The Smoke-Filled Room (6-11-1920)

On this date in history, the President of the United States was chosen in a suite at the Blackstone Hotel.  And a new phrase entered the political dictionary.

In 1920, Democrat Woodrow Wilson was finishing up eight years in the White House.  The Republican Convention was being held at the Chicago Coliseum that June, and it looked like a good year for the party.  The country was in the mood for change.

Blackstone Hotel, 1920

The political conventions of today are nothing more than media events—by the time the opening gavel is banged, one candidate has locked up the nomination.  That wasn’t the case in 1920.  Back then local party bosses controlled things.  Several roll-call ballots were usually needed to pick a nominee.

When the Republicans gathered, there were two front-runners—General Leonard Wood and Illinois Governor Frank Lowden.  The balloting began.  Neither man could get a majority.  The party elders called a recess, then met behind closed doors at the Blackstone to work out a compromise.

Warren G. Harding was a Senator from Ohio.  He was one of the minor candidates, and few people outside his state had ever heard of him.  His main selling point seemed to be that he “looked like a President.”

Harry Daugherty, Harding’s campaign manager, had predicted the convention deadlock.  Then, he said, at about 2 in the morning, 15 or 20 men would be sitting around a table in a smoke-filled room, bleary-eyed from heat and lack of sleep.  The men would be looking for the best presidential candidate.

“At that decisive time,” Daugherty declared, “the friends of Senator Harding will suggest him.”

Daugherty was quite a prophet.  After several hours of wrangling, the party bosses summoned Harding to the power suite at the Blackstone.  It was just after 2 a.m.

Harding said it, 40 years before JFK (though not as poetically)

Harding was asked if there were anything in his past that might embarrass the party.  He said there was not.  He didn’t mention that he’d fathered a child outside his marriage, which would not have played well with the voters in 1920.
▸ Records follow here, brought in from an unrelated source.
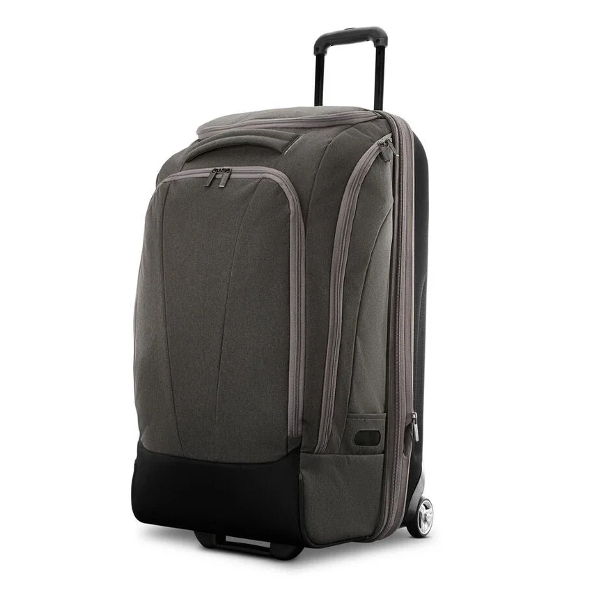 the mother lode large checked rolling duffel is where hardside meets softside luggage. with a molded backside for supreme durability coupled with organization, this duffel is perfect for a weekend getaway or an extended trip out of town.
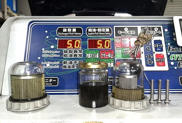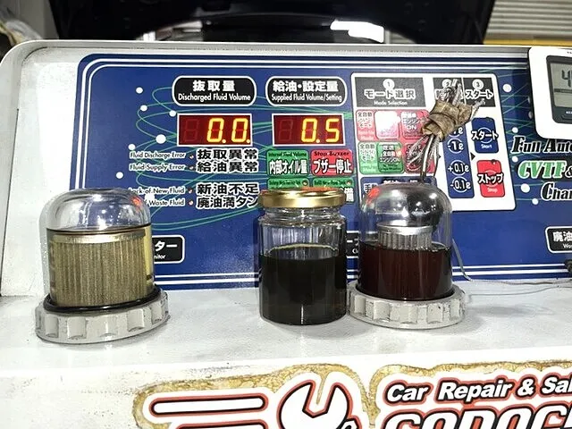 親油モニターとはクリーニングモニターの間にある小瓶は、トランスミッションから抜き取った廃油サンプルです。
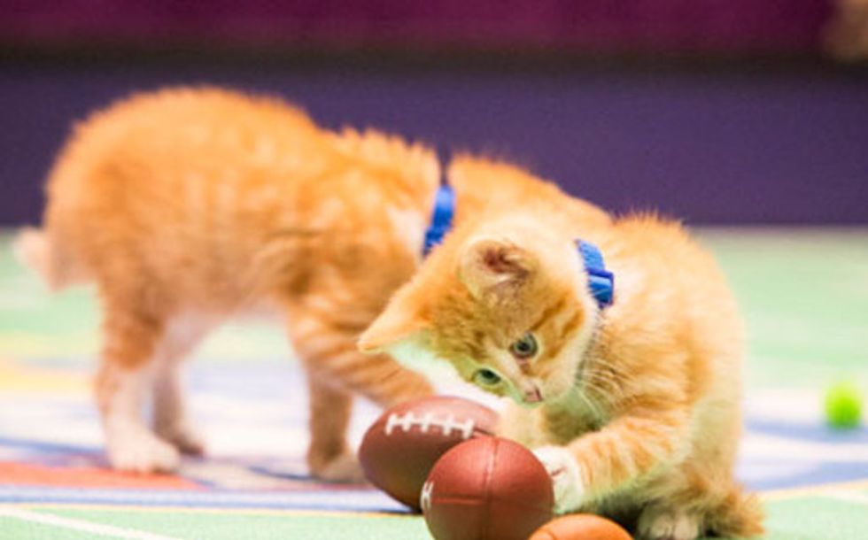10. These cats don't quite understand football, but they're going to try their best
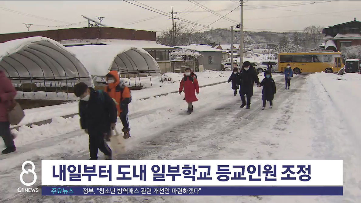코로나19 상황 악화로 정부의 사회적거리두기가 강화됨에 따라, 내일(20일)부터 도내 일부 학교 등교인원도 조정됩니다.
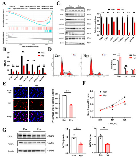Hypoxia inhibits microvascular endothelial cell cycle progression and cell proliferation. (A) GSEA curves of differentially expressed genes for the hypoxia vs. control comparison. (B) The expression of cyclin−dependent kinase 1(Cdk1), Cdk2, Cdk4, cyclin A2, cyclin B1, cyclin D1, and cyclin E1 from RNA−seq data. (C) Western blot analysis of CDK1, CDK2, CDK4, cyclin A2, cyclin B1, cyclin D1, and cyclin E1 (n = 3). (D) The percentages of cells in the G0/G1, S, and G2/M phases of the cell cycle were quantified by flow cytometry (n = 3). (E) The EdU (red) assay was used to examine cell proliferation (n = 3). EVOS M5000 objective magnification: 40×. (F) Cell proliferation was evaluated by a CCK−8 assay (n = 3). (G) Proliferating cell nuclear antigen (PCNA) and osteopontin (OPN) expression was determined by Western blotting (n = 3). Data are shown as the mean ± SEM, * p < 0.05, ** p < 0.01. Hyp indicates hypoxia, and Con indicates control.
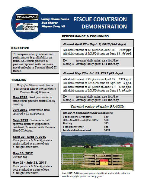 Extension specialists and seed companies can assist the replacement decision process by establishing cooperative, on-farm demos in specific regions. One example of such a demo was a collaboration between Pennington Seed and Virginia Tech Cooperative Extension (Agent Matt Booher and farmer Bud Shaver) using a conversion planting of novel fescue into one-half of a toxic pasture. The handout presented at a field day after two years of use also shows how easily both the following visual and recorded data sticky messages are demonstrated:

So the bosses annointed Harding.  He was quickly nominated, and won the November election in a landslide.  When he died in office in 1923, he was one of the most popular presidents in history.

And today—even with all the restrictions on smoking—we still call a private gathering of political fixers a “smoke-filled room.”



2 Responses to “The Smoke-Filled Room (6-11-1920)”

  1. 1 brecchie1 June 11, 2018 at 3:18 pm

    Lucky Harding, having died before all his scandals became known. There’s a reason why historians generally rank him as one of our worst presidents.

    • 2 J.R. Schmidt June 12, 2018 at 2:49 pm

      Actually, Harding was unlucky in dying before the scandals came out. In 2004 John Dean wrote a Harding biography. Dean certainly knows about presidential scandals, and says that Harding has gotten a bad rap from historians. Dean is convinced that Harding knew nothing about the corruption. If Harding had lived, he would have cleaned house. Then his accomplishments would not have been overshadowed. Yes, death can be really inconvenient!